The much-anticipated $5.9 million renovation of the Canal Shores Golf course takes a swing at a new target: youth development.

An easement agreement would alter the look of the 10th hole and have a detrimental effect on the Canal Shores Golf Course, according to some officials. Credit: Bob Seidenberg

The 103-year old course, located in north Evanston and southeast Wilmette, is expanding youth programming through partnerships with First Tee Greater Chicago and the Western Golf Association to get more young people involved in the game. 

First Tee focuses on teaching life skills such as honesty, integrity and sportsmanship to kids 7 to 18 through golf.  “We want to help engage youth in Evanston and Wilmette and the surrounding communities, specifically targeting youth who maybe wouldn’t otherwise have access to the game of golf,” said Lea Jesse, chief executive officer at First Tee.

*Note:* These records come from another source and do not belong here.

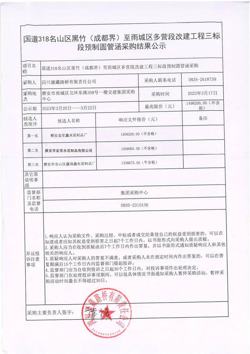 四川康藏路橋有限責任公司國道318名山區(qū)黑竹(成都界)至雨城區(qū)多營段改建工程三標段預制圓管涵采購結果公示
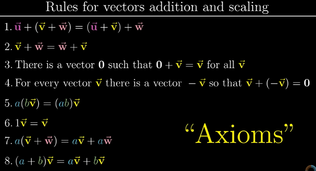 벡터 합과 실수배에서 파생된 규칙을 정립해야 한다. '공리'(Axiom)라고 부른다.
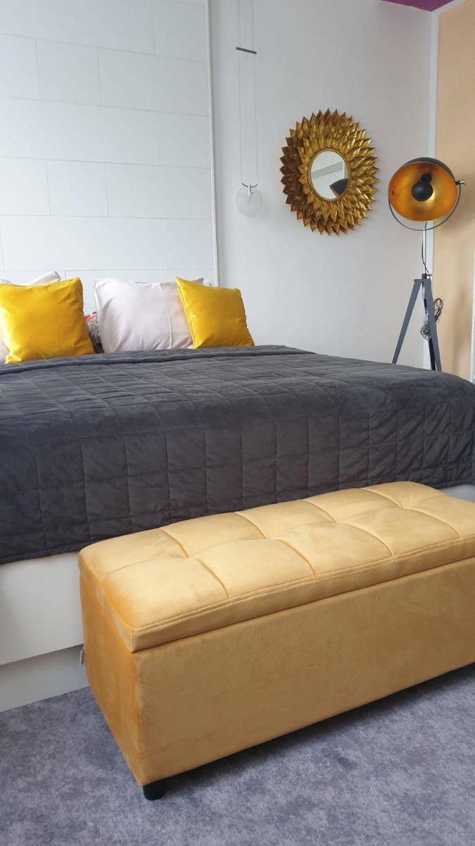 The apartment consists of a main room, a living room, a kitchen equipped with dishwasher and coffee maker, and a bathroom with shower and napkins. The towels and blankets are provided in the apartment. This apartment does not allow smoking and is acoustically controlled.
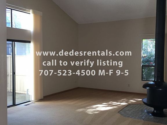 Beautiful and unique 3 bedroom, 2 bath, plus a bonus room, single story condo in Bennett Valley! This home has a very unique layout that includes adjoining rooms and one bedroom where the entrance is through a bathroom. Attached to the master bedroom is a bonus room or office. This home features new paint throughout and carpet flooring. The kitchen and bathrooms feature luxury vinyl tile flooring. The kitchen features white cabinets, a stainless electric range, stainless range hood, stainless dishwasher, a refrigerator; as is, and a garbage disposal. The home also features central heating, a wood burning fireplace, electric washer/dryer hookups, a small private patio, and plenty of storage including a storage loft in the attached 2 car garage! This small condo community features walking paths, guest parking, a community zen or meditation garden and a community pool and spa! Tenant responsible for all utilities. Two vehicles maximum and they must be parked in the garage as per HOA. Truly a must see!
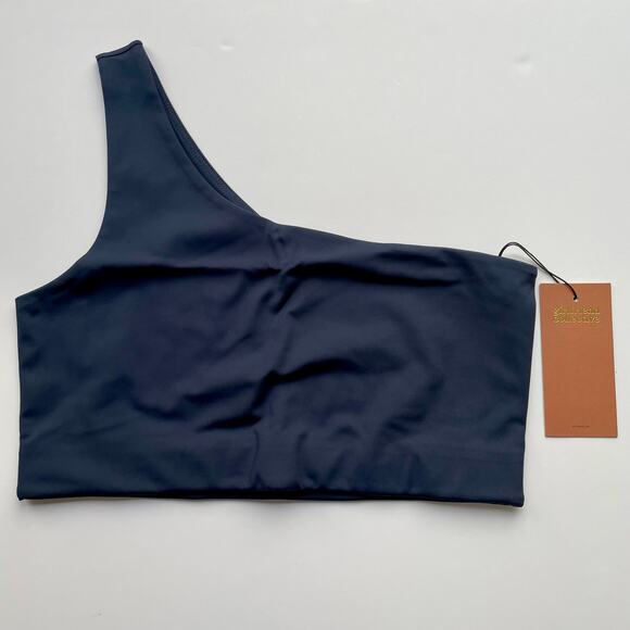 Girlfriend Collective Bianca Sports Bra One Shoulder Skyline Blue Size XL NEW
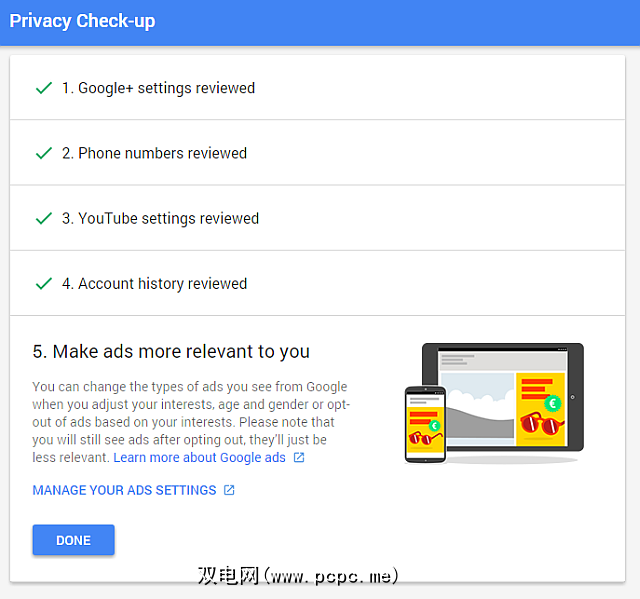 选择您与他人共享的Google+个人资料信息。仍然有一些令人信服的理由仍然使用Google +。帮助人们与您联系,或者通过检查Google是否可以自动将您添加为环聊和呼叫者ID的电话选项来禁止他们与他人联系。这仅适用于已经拥有您的号码的人,但是我们无法告知他们为什么随后需要Google的帮助。管理您在YouTube上分享的内容 ,例如您的喜欢,订阅,搜索内容,观看的视频,活动供稿中发生的事情等。您还将获得指向您在YouTube上上传的视频和播放列表的快速链接。请记住,这些数据完全在Google的服务器上,因此请进行一次操作,并确保那里没有您想要的东西。个性化您的Google体验是一种不错的方法说“让我们跟踪您!"这是一个大问题,您可以在其中查看Google正在记录的使用情况的一部分。该列表包括网络活动(也包括Google Chrome活动),设备信息,语音和音频活动,位置记录以及YouTube搜索和观看记录。实际上,清除视频搜索历史记录也可以提供更多相关建议。我们将决定如何激活和停用您的内容,但请记住仔细阅读每个部分的内容。使广告与您更相关,方法是管理您的广告设置,事情变得有些可怕。在您的广告设置中,您可以查看Google到目前为止(在Google以及整个网络上)如何根据您多年的活动来对您进行配置。您可以在此处选择退出广告,但似乎没有什么意义。 Google仍会收集有关您的信息,您将不会再基于该信息看到个性化广告。
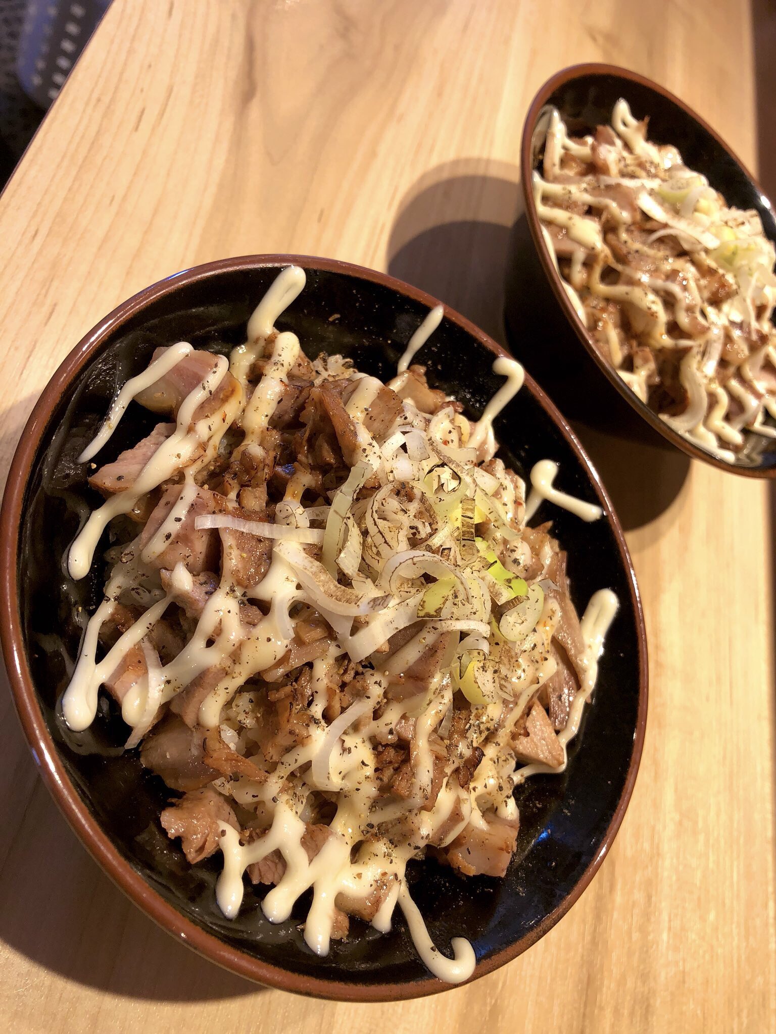 炙りチャーシュー丼 小各らーめんに使用しているレア焼豚と鶏チャーシューを贅沢にトッピングし、特製ダレをかけ炙った大人気の逸品。オープン記念として、今ならなんと税込100円です!!👏 メインのらーめんにも負けない人気上位の炙りチャーシュー丼😋✨ ぜひこの。

The nonprofit has contributed $500,000 of the expected $5.9 million cost of the project, Jesse said. Canal Shores has raised $4 million toward the renovation.

First Tee conducts programs at Canal Shores in the spring, summer and fall. It’s also partnering with the Western Golf Association for continued youth engagement. The WGA, which runs a caddy program, offers the Evans Scholarship to high-achieving caddies with limited financial means.

The scholarship covers college tuition and housing, with about 1,100 Evans Scholars enrolled at 22 universities for the 2022-23 academic year. The scholarship has nearly 11,815 alum since 1930, when it was first introduced.

“We have a direct pipeline into the caddying program that the Western Golf Association offers. The overarching goal there would be that kids could, hopefully, become Evans scholars,” Jesse said.

The caddy program aims to begin with a class of 20 to 25 students, with a path to the scholarship, said John Kaczkowski, WGA president and chief executive officer.

“We’ll start the program small and hopefully we’ll grow that to something larger. But it really will depend on the interest level of young men and women from the surrounding community,” he said.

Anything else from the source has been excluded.